I love the colours in stir fry dishes. This is one recipe where the vegetables are the stars of the plate. Crisp, vibrant colours of red, green, orange, yellow; they are a feast for our eyes and taste amazing! They are incredibly versatile and easy to change up based on what is in season, on sale or what ever strikes you to add. There are never any left overs and everyone has a satisfying meal made up of more than half a plate of vegetables and protein rich cashews, completed with rice, barley, noodles, or alternative.
There is a knack to making stir fries and it is all in the prep. Wash and chop all the ingredients and have everything ready right beside your wok. Have your sauce mixture ready to go in and start heating up the pan. Once the cooking begins, dinner will be on the table in less than 10 minutes.
I love my heavy stainless steel wok. It heats so well and so evenly. I recommend stainless steel or cast iron pans. It was an investment many years ago and was money well spent. Many woks are not suitable for high heat cooking and are coated with a non stick coating which can have health risks.

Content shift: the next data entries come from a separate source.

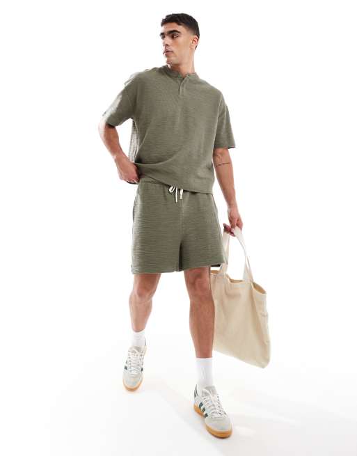 ASOS DESIGN - Short texturé oversize - Kaki
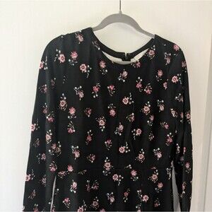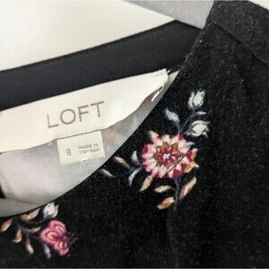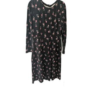 ANN TAYLOR LOFT~Black Size 8 FLORAL Long Sleeve KNIT Midi DRESS~
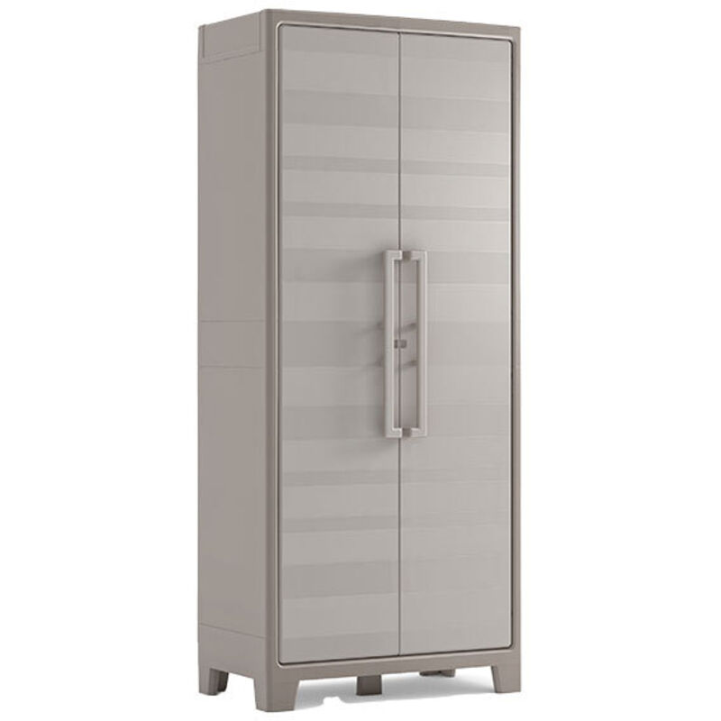 Armadio alto a doppia anta in resina, spazioso e impermeabile, ottima soluzione per organizzare il tuo terrazzo, il tuo giardino e il tuo patio. Certificazione IPX3 per utilizzo all'aria aperta, infatti non scolorisce perché resistente agli agenti atmosferici. Dotato di 8 ripiani regolabili con capacità di carico di 30 kg l'uno, piedini regolabili e predisposizione per lucchetto (lucchetto non incluso) per una maggiore sicurezza. Prodotto con materiali riciclabili, richiede poca manutenzione ed è facile da pulire. Caratteristiche Tecniche: Dimensioni (LxPxH) 80x44x182 cm Colore: sabbia/beige Lucchettabile (lucchetto non incluso) Dimensione confezione (LxPxH) 32,4x84,8x47,5 cm - Peso: 17 kg Tutti i prodotti all'interno dell'armadio e all'esterno presenti in foto non sono in vendita. Abbinabile alla versione tutto piani e a quella bassa.

For more information on non stick cookware see the guidelines from Cancer.ca
Vegetable Stir Fry with Cashews (Serves 4)
4 cups broccoli florets
4 carrots chopped
1 red pepper chopped (or mix of colours to make approx 1 pepper)
1 tablespoon coconut oil
1 tablespoon grated ginger
3 cloves garlic
1/2 cup vegetable stock
2 tsp corn starch
3 tablespoons low sodium soy sauce
1 tsp rice vinegar
2 pinches red pepper flakes
1/2 cup roasted cashews
Rice, barley, quinoa or noodles of choice
Directions: In a small bowl stir together vegetable stock, corn starch, soy sauce, rice vinegar, and red pepper flakes. Set aside while you wash and chop all the vegetables. Heat coconut oil in wok over medium high heat and add garlic and ginger. Cook until fragrant. In order add carrots, mushrooms, broccoli, peppers and cook, stirring the vegetables gently so that they cook quickly, remaining firm and with bright colours. Add stock mixture which will thicken, glaze and coat the vegetables. Top with cashews. Serve with rice, barley, quinoa or noodles of choice.
This recipe is adapted from Whole Foods Recipes.